Boroughs in the capital will need to make over £500m of savings next year to balance their budgets, new analysis from London Councils reveals.

Based on its latest survey of council finances, the cross-party group warns that nine in ten London boroughs expect to overspend on their budgets this year – estimated at over £400m in total across the capital.  

London Councils says boroughs face a perfect storm of prolonged high inflation, fast-increasing demand for services, and insufficient government funding – leading to a growing risk of financial and service failures.

Growing pressures on adult and children’s social care, as well as the capital’s worsening homelessness crisis, are the biggest drivers of boroughs’ overspends. London Councils estimates that almost 170,000 Londoners – equivalent to one in 50 residents of the capital – are currently homeless and living in temporary accommodation arranged by their local authority. Boroughs expect to overspend on temporary accommodation by £90m this year.

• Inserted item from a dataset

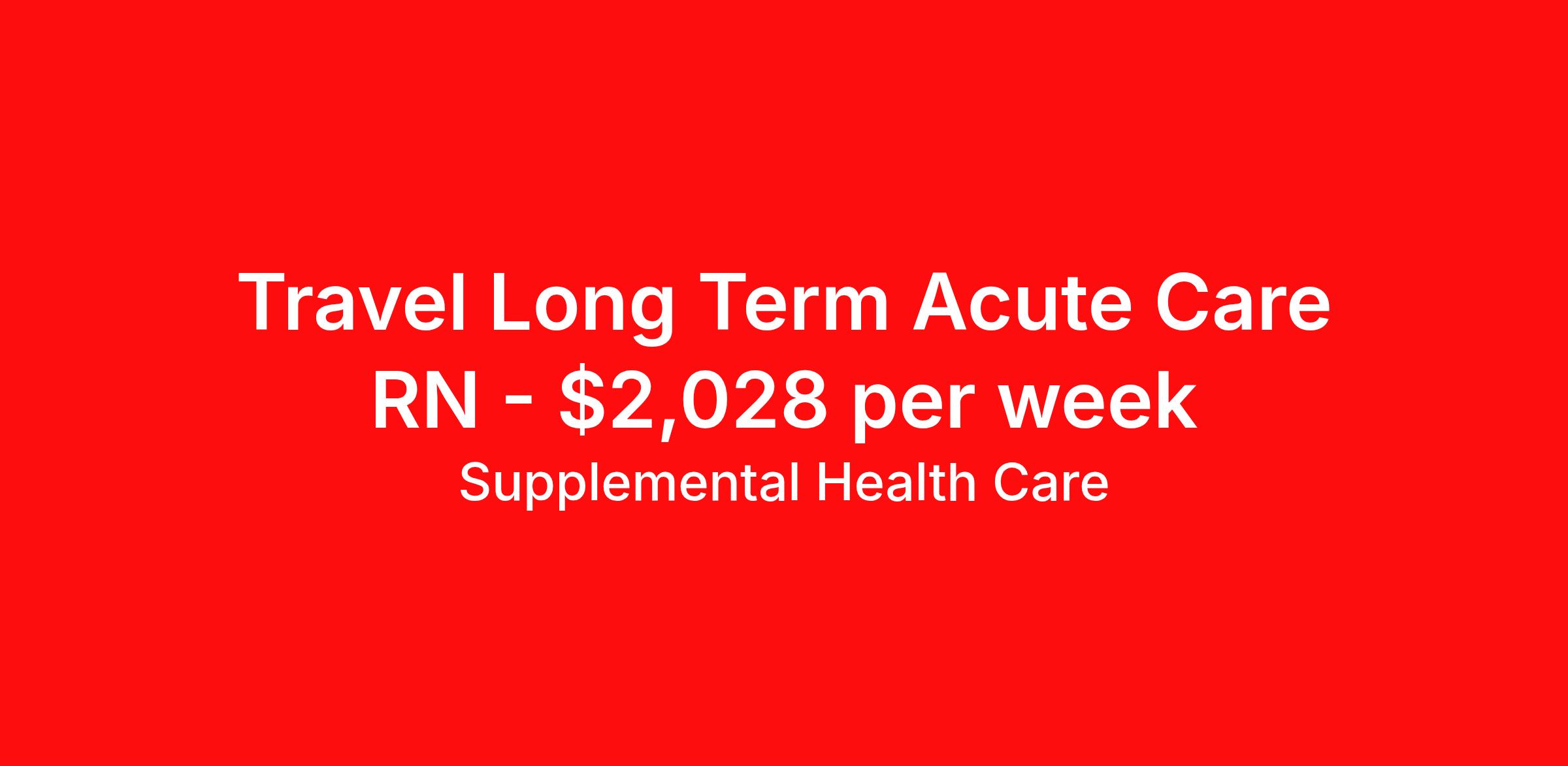 Supplemental Health Care is seeking a travel nurse RN Long Term Acute Care for a travel nursing job in Willingboro, New Jersey. Job Description & Requirements Specialty: Long Term Acute Care Discipline: RN Start Date: ASAP Duration: 13 weeks 36 hours per week Shift: 12 hours, nights Employment Type: Travel Job Description: Supplemental Health Care is hiring Registered Nurses for contract assignments at a partnering Long Term Acute Care Facility in Willingboro, New Jersey. Whether you’re looking to travel or stay local, we’re committed to helping LTAC RNs find the right fit with top hospitals across the country. With more than 40 years of experience in healthcare staffing, Supplemental Health Care offers reliable support, competitive pay, and great benefits every step of the way. Qualifications: Active New Jersey RN License or Compact State Nursing License 2 years of recent clinical nursing experience Previous LTAC experience preferred American Heart Association BLS ACLS preferred LTAC RN Contract Details $1,836 - $2,028 per week* NOC shift available 13-week contract with possibility of extension RN will provide nursing care within their scope of practice and in accordance with the standards of the facility *Estimated weekly payment may include both taxable wages and tax-free reimbursements for meals, housing, and incidentals. Please speak with a recruiter for details. The average stay at an LTAC facility is 25 days and RNs working there often care for their patients from admission to discharge. We understand that you make important connections with your patients and offer the support you need while on assignment to provide the best care possible. Apply today to get started with this Registered Nurse contract opportunity, or talk to our team about the full range of RN opportunities available. What We Offer: Full medical, dental, vision, life, and even pet insurance! Round the clock support. No matter where you are or what time it is, Supplemental Health Care is standing by. SHC's Share the Care referral program is the most dynamic, profitable referral program in the industry. 401(k) Retirement Savings Program with a wide range of investment options. Discounted and free online access to CEU courses through Supplemental University. Supplemental Health Care is an Equal Opportunity Employer. All candidates, including veterans and those with disabilities, are encouraged to apply. SHC will consider for employment qualified applicants with criminal histories in a manner consistent with the requirements of applicable local, state, or federal law. To learn more, visit www.shccares.com/eeo Supplemental Health Care Job ID 1467272. Pay package is based on 12 hour shifts and 36 hours per week (subject to confirmation) with tax-free stipend amount to be determined. Posted job title: LTAC RN - Registered Nurse About Supplemental Health Care At Supplemental Health Care, a simple belief in the power of caring guides a unique commitment to world-class service in healthcare staffing. For 40 years, we’ve supported talented professionals pursuing their life calling in hospitals, schools, home health, corrections, behavioral health, and other settings. At SHC, we inspire vital connections and enrich lives and inspire better outcomes. As recipients of the Best in Staffing Awards for both Client and Talent, Supplemental Health Care is proud to be among only 2% of staffing companies singled out for the distinction based on the real feedback of our employees and the clients we serve. SHC has also earned The Joint Commission’s Gold Seal of Approval and is named among the Largest Health Care Staffing companies in the United States by Staffing Industry Analysts. We are also thrilled to recognize our very own SLP, Dr. Kelly Byrd as the American Staffing Association 2024 National Staffing Employee of the Year and Health Care Sector All-Star. We’re honored to connect Dr. Byrd to employment, share her incredible story, and support her family literacy nonprofit. For everyone that we serve, SHC is the place where caring hearts thrive. Benefits Referral bonus Benefits start day 1 401k retirement plan Continuing Education Discount program Health savings account

Ahead of the government’s Autumn Statement in November, where the Chancellor will set out his future spending plans, boroughs are calling for urgent action to boost support for local services and stabilise council finances.

London Councils has launched its key priorities for the Autumn Statement, which include:

  • An overall funding increase of at least 9% (in line with what was received last year).
  • Investment to reduce homelessness, including through uplifting the Local Housing Allowance and Homelessness Prevent Grant.
  • Reforms to the broken local government finance system, such as giving councils longer-term funding settlements and more devolved powers.

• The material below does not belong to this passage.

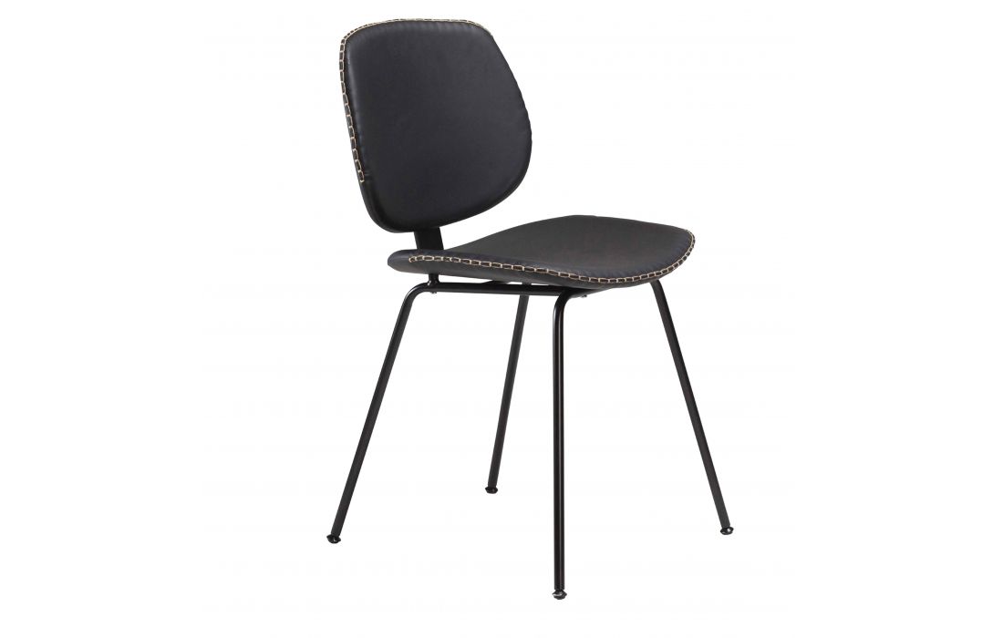 Chair with padded synthetic leather brown or black and feet in black metal

Cllr Claire Holland, Acting Chair of London Councils, said:

“Borough finances are on a knife edge – with grim implications for the future of local services in the capital.

“The combination of higher costs due to spiralling inflation, skyrocketing demand for services, and insufficient levels of government funding leaves boroughs in an extremely precarious position. The pressure is relentless – we face a £400m shortfall this year, which rises to £500m next year unless the government provides more support.

“Councils play a vital role in their communities providing essential services and in tackling so many major challenges, such as addressing homelessness, unlocking economic growth, and making faster progress towards net zero.

“The government must use the Autumn Statement to bolster council finances. This will be crucial for helping boroughs stabilise budgets and sustain London’s local services.”

London boroughs’ resources remain almost a fifth (18%) lower than in 2010, despite there now being almost 800,000 more Londoners – broadly equivalent to a city the size of Leeds. This has been exacerbated by over £1bn in unfunded and underfunded new burdens over that period, such as the government transferring responsibility to local authorities for financing Council Tax Support and a host of other measures.

London Councils also highlights a recent report from the independent Institute for Fiscal Studies think-tank that found London local government funding is 17% lower than its estimated relative need – by far the largest gap of any region in England.